General Stonewall Jackson's last words:
"Let us cross over the river, and rest under the shade of the trees.”
Guiney Station, Virginia | May 10th, 1863
To walk through the door of Guiney Station is to be transformed, as if transplanted by a time machine of sorts. The door through which you have entered is one hundred and sixty years old, and the stories it could reveal would be endless. The room itself, the bed, the blanket Jackson clutched at death, and the ticking clock on the mantle, all present when Jackson died, combine to create an sensation that is similar to walking in misty fields, searching, looking for the familiar and yet being tugged into an awareness of history that is rarely found on this planet. This is the place where General Jackson died, where his soul was ushered into eternity, thus changing the history of the United States of America.

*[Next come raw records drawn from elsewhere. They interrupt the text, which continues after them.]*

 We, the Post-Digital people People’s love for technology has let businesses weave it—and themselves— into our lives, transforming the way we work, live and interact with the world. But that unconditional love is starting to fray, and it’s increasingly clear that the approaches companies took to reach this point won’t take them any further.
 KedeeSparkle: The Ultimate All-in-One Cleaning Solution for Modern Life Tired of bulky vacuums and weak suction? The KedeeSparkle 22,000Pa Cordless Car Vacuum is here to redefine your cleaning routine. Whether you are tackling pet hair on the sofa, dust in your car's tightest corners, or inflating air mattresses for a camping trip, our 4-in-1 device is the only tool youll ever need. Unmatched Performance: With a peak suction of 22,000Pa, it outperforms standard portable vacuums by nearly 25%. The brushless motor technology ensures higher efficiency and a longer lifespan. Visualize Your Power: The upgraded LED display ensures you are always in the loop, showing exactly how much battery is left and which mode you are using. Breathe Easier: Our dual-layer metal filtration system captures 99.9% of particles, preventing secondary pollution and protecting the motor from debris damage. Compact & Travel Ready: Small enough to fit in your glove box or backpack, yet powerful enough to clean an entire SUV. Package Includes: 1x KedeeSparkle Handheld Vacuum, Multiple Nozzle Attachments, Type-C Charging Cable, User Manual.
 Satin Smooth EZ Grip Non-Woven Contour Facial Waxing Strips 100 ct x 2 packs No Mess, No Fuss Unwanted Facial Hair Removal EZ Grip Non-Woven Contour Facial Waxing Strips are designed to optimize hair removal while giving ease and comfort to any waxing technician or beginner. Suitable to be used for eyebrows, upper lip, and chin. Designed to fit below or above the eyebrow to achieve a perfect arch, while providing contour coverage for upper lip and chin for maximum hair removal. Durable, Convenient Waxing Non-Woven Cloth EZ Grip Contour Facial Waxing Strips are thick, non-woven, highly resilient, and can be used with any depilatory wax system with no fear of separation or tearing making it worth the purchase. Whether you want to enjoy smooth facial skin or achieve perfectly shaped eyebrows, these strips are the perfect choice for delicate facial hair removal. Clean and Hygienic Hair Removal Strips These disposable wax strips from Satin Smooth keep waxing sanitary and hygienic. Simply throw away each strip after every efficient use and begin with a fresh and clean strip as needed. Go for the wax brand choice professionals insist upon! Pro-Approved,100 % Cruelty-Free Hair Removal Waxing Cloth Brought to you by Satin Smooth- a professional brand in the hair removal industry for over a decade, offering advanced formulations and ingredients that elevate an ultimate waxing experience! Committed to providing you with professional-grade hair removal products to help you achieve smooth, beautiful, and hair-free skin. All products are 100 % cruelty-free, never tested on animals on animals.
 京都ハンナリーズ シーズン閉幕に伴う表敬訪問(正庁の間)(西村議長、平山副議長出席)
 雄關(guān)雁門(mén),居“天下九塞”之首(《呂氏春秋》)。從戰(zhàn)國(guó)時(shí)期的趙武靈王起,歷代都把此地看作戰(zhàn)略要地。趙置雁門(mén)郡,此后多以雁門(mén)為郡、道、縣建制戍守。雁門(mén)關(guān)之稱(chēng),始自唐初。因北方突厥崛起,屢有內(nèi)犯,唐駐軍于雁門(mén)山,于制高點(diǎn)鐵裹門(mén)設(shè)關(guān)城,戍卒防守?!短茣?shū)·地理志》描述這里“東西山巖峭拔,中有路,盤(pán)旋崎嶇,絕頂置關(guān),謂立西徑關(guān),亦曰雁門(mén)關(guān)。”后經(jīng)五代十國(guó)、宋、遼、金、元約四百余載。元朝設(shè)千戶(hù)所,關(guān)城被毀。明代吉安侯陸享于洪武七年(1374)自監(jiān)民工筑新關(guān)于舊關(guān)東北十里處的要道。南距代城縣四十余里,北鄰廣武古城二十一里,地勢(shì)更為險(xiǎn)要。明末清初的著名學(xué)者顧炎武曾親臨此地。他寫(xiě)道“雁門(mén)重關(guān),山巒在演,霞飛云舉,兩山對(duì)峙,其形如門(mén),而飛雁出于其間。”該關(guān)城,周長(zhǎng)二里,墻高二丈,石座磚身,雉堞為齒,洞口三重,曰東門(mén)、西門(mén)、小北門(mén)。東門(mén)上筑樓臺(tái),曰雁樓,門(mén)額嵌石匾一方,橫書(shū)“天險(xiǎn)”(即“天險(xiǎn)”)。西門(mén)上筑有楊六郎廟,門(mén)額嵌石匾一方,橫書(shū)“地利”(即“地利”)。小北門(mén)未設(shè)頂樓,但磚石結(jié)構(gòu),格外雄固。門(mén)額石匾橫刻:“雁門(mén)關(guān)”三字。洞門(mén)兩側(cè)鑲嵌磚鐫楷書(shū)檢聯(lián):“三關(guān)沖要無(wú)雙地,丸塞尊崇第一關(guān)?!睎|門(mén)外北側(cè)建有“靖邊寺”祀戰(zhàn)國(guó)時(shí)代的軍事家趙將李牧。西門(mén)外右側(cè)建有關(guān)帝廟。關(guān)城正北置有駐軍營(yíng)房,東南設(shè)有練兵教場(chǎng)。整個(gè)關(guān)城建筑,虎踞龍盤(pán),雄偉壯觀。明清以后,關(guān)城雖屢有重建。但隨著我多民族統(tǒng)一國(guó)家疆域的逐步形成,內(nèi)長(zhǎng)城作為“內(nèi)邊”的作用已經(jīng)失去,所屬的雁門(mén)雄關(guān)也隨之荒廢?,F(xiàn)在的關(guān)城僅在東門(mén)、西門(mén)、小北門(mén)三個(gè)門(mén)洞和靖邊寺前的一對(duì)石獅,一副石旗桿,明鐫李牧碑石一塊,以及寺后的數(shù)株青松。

NOTE: I have shared my feelings in past writings about this man who still casts such a shadow over the Civil War and the Confederacy. If you are interested, you can read that HERE.

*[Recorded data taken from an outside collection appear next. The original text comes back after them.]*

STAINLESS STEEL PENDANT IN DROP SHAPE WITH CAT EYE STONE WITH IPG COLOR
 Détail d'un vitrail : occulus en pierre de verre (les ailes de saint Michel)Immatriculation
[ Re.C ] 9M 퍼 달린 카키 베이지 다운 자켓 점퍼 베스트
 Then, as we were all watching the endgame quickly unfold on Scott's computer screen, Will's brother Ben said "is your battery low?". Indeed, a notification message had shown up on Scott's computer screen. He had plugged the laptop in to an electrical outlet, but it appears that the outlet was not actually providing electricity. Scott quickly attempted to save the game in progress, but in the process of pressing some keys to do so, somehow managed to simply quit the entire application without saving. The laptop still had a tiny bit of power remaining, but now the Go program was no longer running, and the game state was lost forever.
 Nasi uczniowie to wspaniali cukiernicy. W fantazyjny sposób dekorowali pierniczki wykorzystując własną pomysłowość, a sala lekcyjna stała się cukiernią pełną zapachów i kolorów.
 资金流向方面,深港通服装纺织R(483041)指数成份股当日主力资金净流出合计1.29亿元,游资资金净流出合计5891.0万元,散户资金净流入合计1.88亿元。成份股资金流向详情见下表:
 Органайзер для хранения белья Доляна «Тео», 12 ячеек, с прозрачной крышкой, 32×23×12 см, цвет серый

Such a poetic farewell from Thomas “Stonewall” Jackson probably astonished those who surrounded his deathbed that quiet sunny Sabbath in rural Virginia, twenty-seven miles from the bloody battlefield of Chancellorsville. More true to form had been his hallucinatory ravings the previous several hours, mostly commands, terse and to the point, that brooked no contradiction—“Push up the columns! Pendleton, you take charge of that. Where’s Pendleton? Tell him to push up the column!” Only his wife knew the gentler side of his personality, rooted as it was in loneliness and insecurity. To everyone else on the wider stage of Civil War topography—what was becoming, in point of fact, the bloodiest war ever fought on earth—“Old Jack” presented a picture of total mayhem, the hunter who, if he had his way, would never grant quarter to an enemy. “Draw your sword and throw away your scabbard,” was his battlefield credo. “Give them the bayonet! Kill them, sir! Kill every man!”